Bagaimana kalau mau ulangan kenaikan kelas? Seminggu sebelum pekan ulangan, Pak Zul akan membagikan handout berisi sedikit materi yang ada hubungannya dengan kesenian yang diambil dari internet. Soal-soal ulangannya merupakan pertanyaan-pertanyaan mudah dari materi tersebut.
Pak Zul adalah guru kesayangan para siswa karena sifat santainya itu. Berbeda dengan Pak Karim, guru kesenian sebelumnya, yang setiap dua minggu sekali mewajibkan seluruh siswa untuk membuat sebuah karya seni. Hal ini menjadi ancaman besar bagi siswa-siswa yang sama sekali tidak memiliki bakat seni.
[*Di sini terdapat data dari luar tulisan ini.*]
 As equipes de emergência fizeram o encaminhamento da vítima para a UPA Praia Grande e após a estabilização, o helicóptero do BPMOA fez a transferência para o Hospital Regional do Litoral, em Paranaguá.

Bahkan, saking stresnya karena tidak mendapatkan ide apapun, ada yang sampai muntah-muntah.
Tidak semua siswa memiliki bakat bermusik, atau seni secara keseluruhan, sehingga beberapa siswa ada yang lebih memilih untuk melakukan hal lain ketimbang bermusik. Rana, misalnya, yang sibuk dengan buku catatannya, atau Dara dan Nadia yang sedang menonton video orang lagi ngomel-ngomel di medsos. Memang lagi trend-nya.
Nadia yang sedang melihat-lihat ke sekitar sementara menunggu Dara mencari video lainnya, mendapati Rana yang sedang duduk sendirian.
“Dar, si Rana itu kayaknya pemalu, ya?” kata Nadia sambil mengarahkan dagunya ke arah Rana.